In acknowledgement of this difficulty, various approaches for more accurate detection and assessment of spiculate structures have been proposed. For example, U.S. Pat. No. 6,301,378 (Karssemeijer et al.) entitled “Method and Apparatus for Automated Detection of Masses in Digital Mammograms”, describes algorithmic methods for direct detection of spiculated mass structures, with or without a central mass, using gradient image data.
A tool considered for mammographic detection and classification is texture analysis. As is described, for example, in U.S. Patent Published Application No. 2004/0190763 (Giger et al.) entitled “Automated Method and System for Advanced Non-parametric Classification of Medical Images and Lesions”, texture analysis utilizes image gradient data to quantify patterns in mass shapes that are not easily discernable from surrounding tissue. In a paper entitled “Computerized Characterization of Masses on Mammograms: The Rubber Band Straightening Transform and Texture Analysis” by B. Sahiner, H. Chan, N. Petrick, M. Helvie, and M. Goodsitt in Medical Physics 25 (4), April, 1998, pp. 516-526, researchers describe algorithmic methods for texture assessment of a spiculated mass and its surrounding tissue. The Sahiner et al. paper describes a method for re-mapping pixels for tissue that borders a spiculated mass into a band having columns corresponding to normals extended from the mass and rows corresponding to distance from edges of the mass. As is described in more detail subsequently, the method given in the Sahiner et al. paper may provide some improvement in classification accuracy; however, this method has some drawbacks that constrain its effectiveness with some types of mass shapes.
In digital mammography, the standard metric for rating the performance of a diagnosis algorithm is termed the Receiver Operating Characteristic, abbreviated ROC. For a test set of proven diagnoses, an ROC curve plots the proportion of true positive detections against false positive detections. The graph of
To date, digital mammography has provided a useful tool for assisting the radiologist in early detection and classification of malignancies and can help to improve the overall accuracy of diagnosis based on mammographic images. However, there is room for improvement. Further accuracy, as measured using area Az, can mean earlier detection for some patients and eliminate the need for unnecessary biopsies for others. Thus, there is a need for improved image mass detection and classification techniques, particularly those for assessment of spiculated masses.

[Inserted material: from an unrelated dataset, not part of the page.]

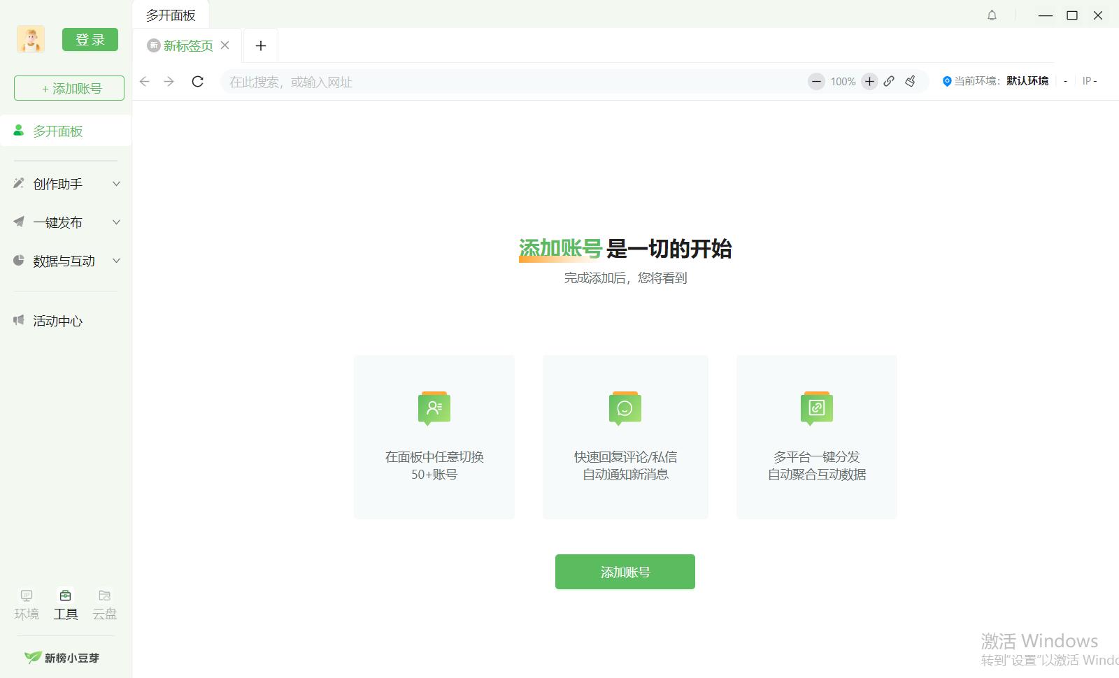小豆芽支持50多個自媒體平臺的賬號登錄和多開管理,進入軟件后可在多開面板——添加賬號,選擇需要添加的平臺然后掃碼登錄對應的自媒體賬號,如果有多個自媒體賬號需要添加重復以上操作即可,添加成功的自媒體賬號會顯示在默認列表里面。注意:小豆芽軟件不支持多開(一臺電腦不支持同時登錄多個小豆芽軟件)
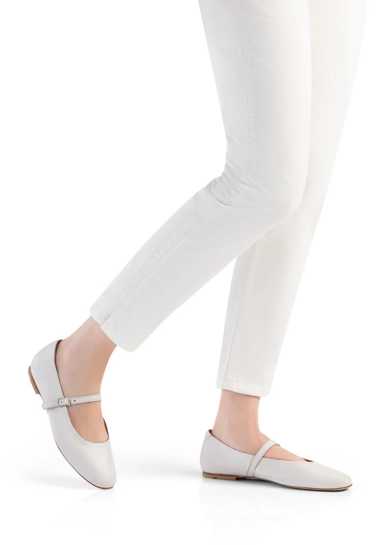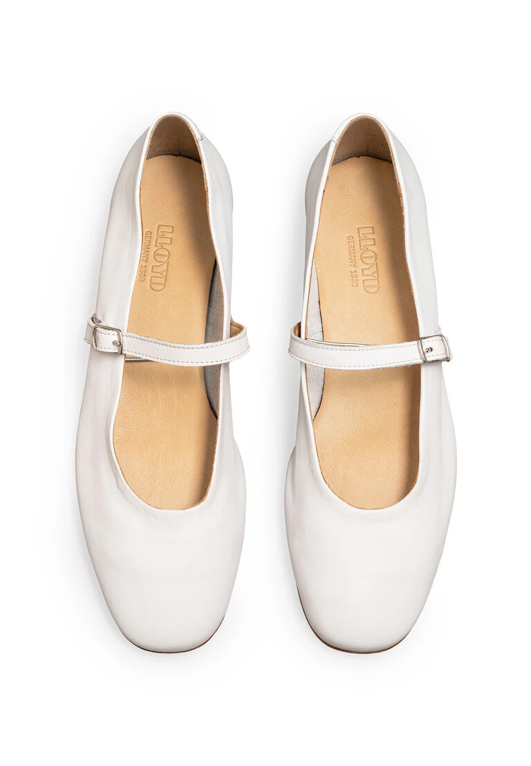 Catch the eye with the LLOYD ballerina made from white smooth leather and a classic design. The shoes are ideal for a stylish and feminine look. A wear-resistant leather and rubber sole cushions the impact when walking and guarantees comfortable long wear and the leather of the inner sole contributes to good heat regulation. Through the low block heel the shoes offer secure footing and allow comfortable daily wear. Quick putting on and taking off as well as a classic, elegant appearance are ensured with the soft smooth leather upper, the elasticated band and buckle fastening. These leather and textile lined shoes are comfortable and breathable.

SUMMARY OF THE INVENTIONAccording to one aspect of the present invention, there is provided a method of characterizing a mass within a digital mammogram comprising: a) identifying a region of interest that includes the mass and at least a portion of surrounding tissue; b) segmenting the mass to identify a border outline; c) forming a rectangular image wherein each column of the image is formed by repeating the following for each of a set of ray angles: along a vector at that ray angle, wherein the vector extends from a central point of the segmented mass and intersects the border outline at an intersection point: (i) identifying a starting pixel along the vector, wherein the starting pixel lies between the intersection point and the central point and wherein the starting pixel lies a first distance before the intersection point, (ii) identifying an ending pixel along the vector, wherein the ending pixel lies a second distance beyond the intersection point, (iii) remapping pixels along the vector, from the starting pixel to the ending pixel, as the respective column in the rectangular image; and d) extracting texture features from the rectangular image formed thereby.

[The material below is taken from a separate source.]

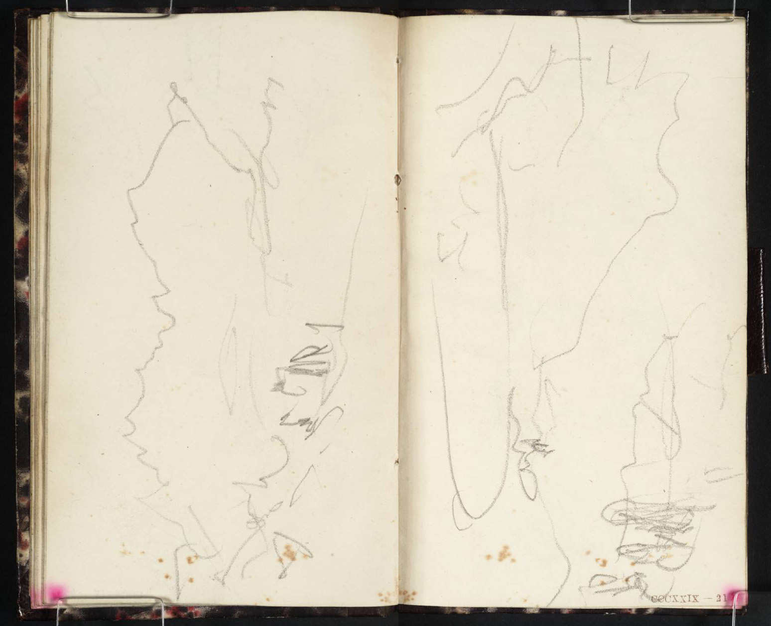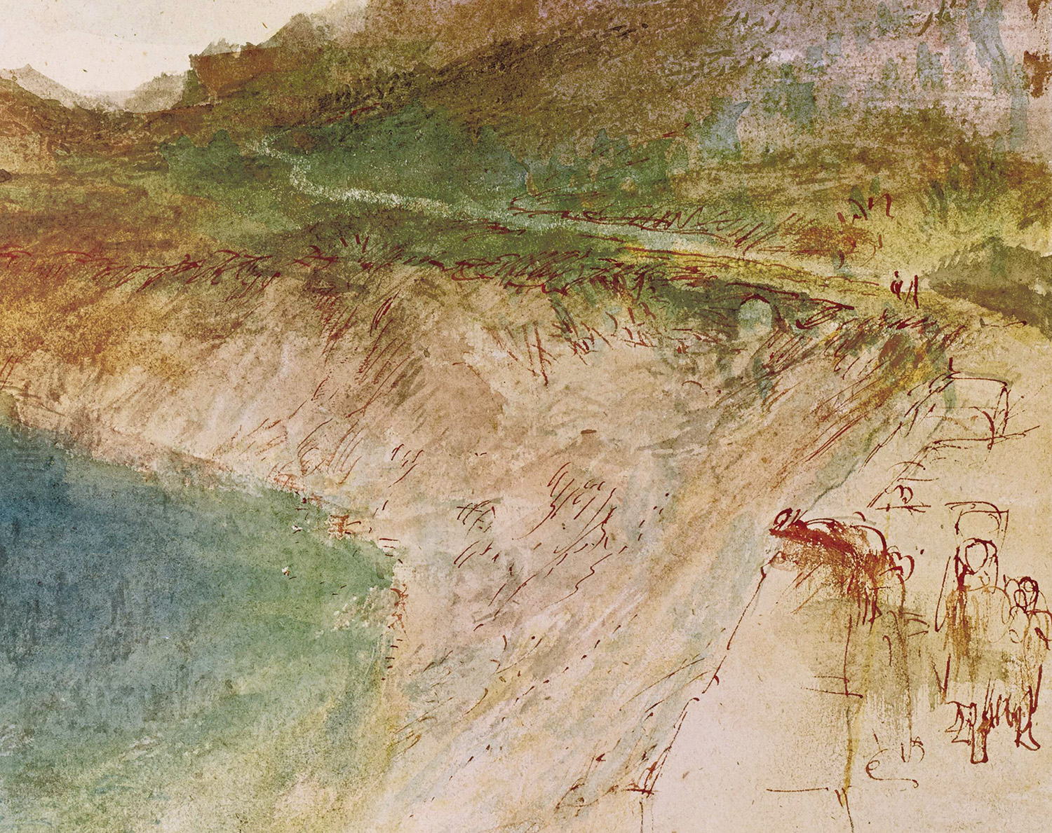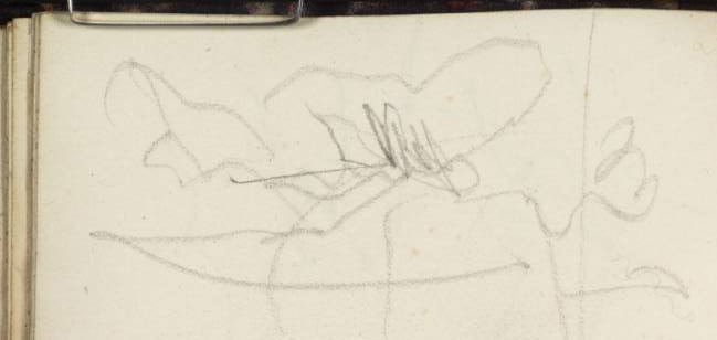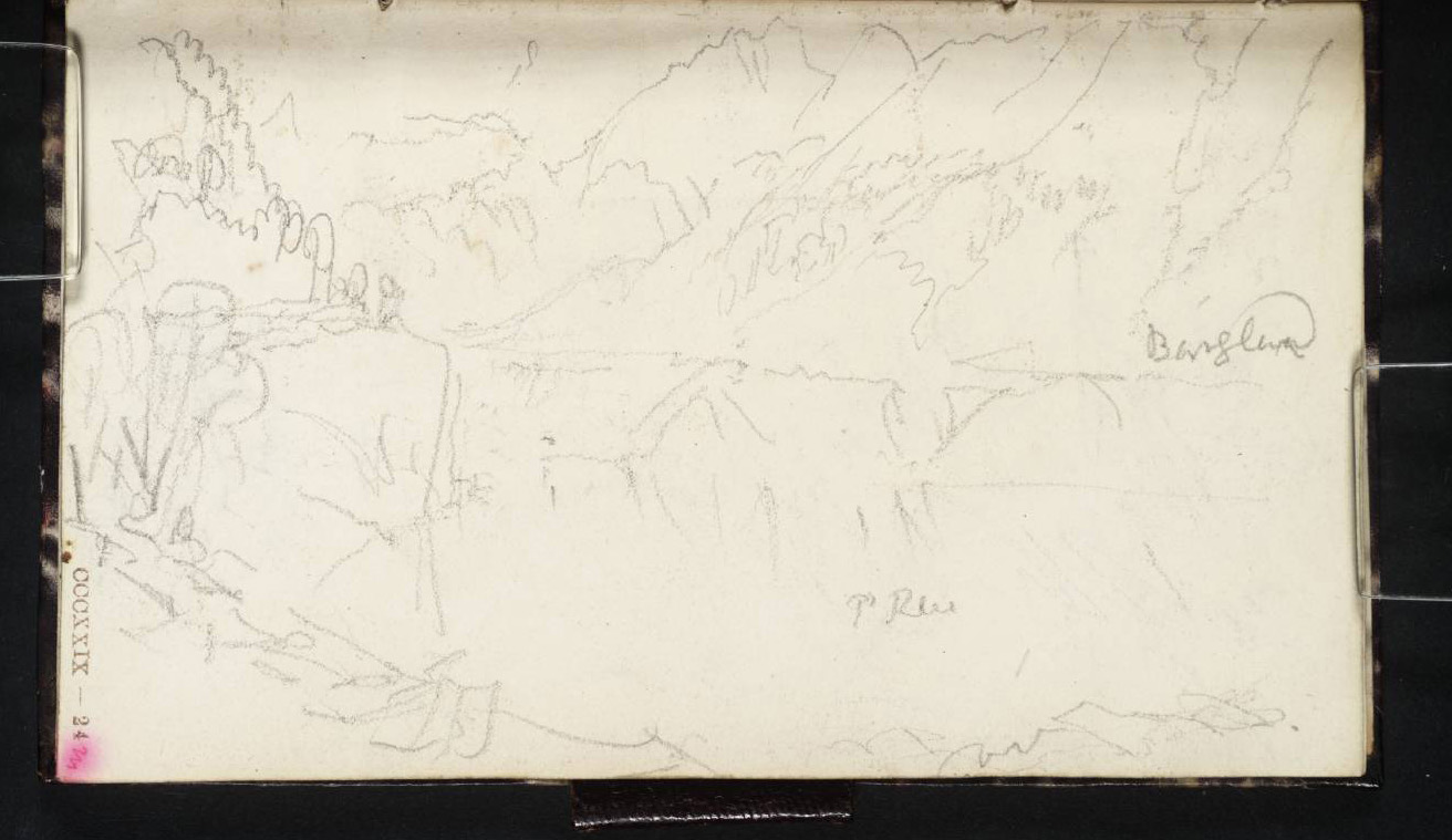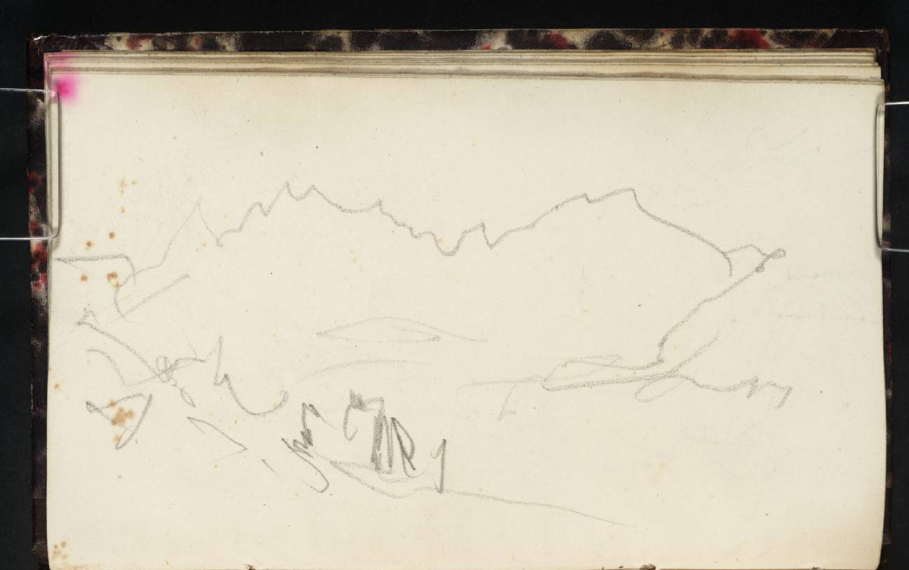 Turner recorded his first sight of the lake in a few lines on f. 21v, taken so hastily that he scribbled over part of a previous sketch. For Turner, first impressions were always vital and wherever possible he tried to set something down, no matter how slight.

According to another aspect, the present invention provides a method of characterizing a mass within a digital mammogram comprising: a) identifying a region of interest that includes the mass and at least a portion of surrounding tissue; b) scaling the region of interest to a predetermined size, forming a scaled region of interest thereby; c) segmenting the mass within the region of interest to identify a border outline; d) identifying a central point of the mass within the scaled region of interest; e) computing a width dimension according to the perimeter of a circle that is centered at the central point, has a predetermined radius, and fits within the scaled region of interest; f) computing a set having a plurality of ray angles, wherein the number of ray angles in the set corresponds to the computed width dimension; g) forming a rectangular image wherein each column of the image is formed by repeating the following for a plurality of ray angles in the set: along a vector at that ray angle, wherein the vector extends from the central point and intersects the border outline at an intersection point: (i) identifying a starting pixel along the vector, wherein the starting pixel lies between the intersection point and the central point and wherein the starting pixel is a first distance before the intersection point, (ii) identifying an ending pixel along the vector, wherein the ending pixel lies a second distance beyond the intersection point, (iii) remapping pixels along the vector, from the starting pixel to the ending pixel, as the respective column in the rectangular image; and h) extracting texture features from the rectangular image formed thereby.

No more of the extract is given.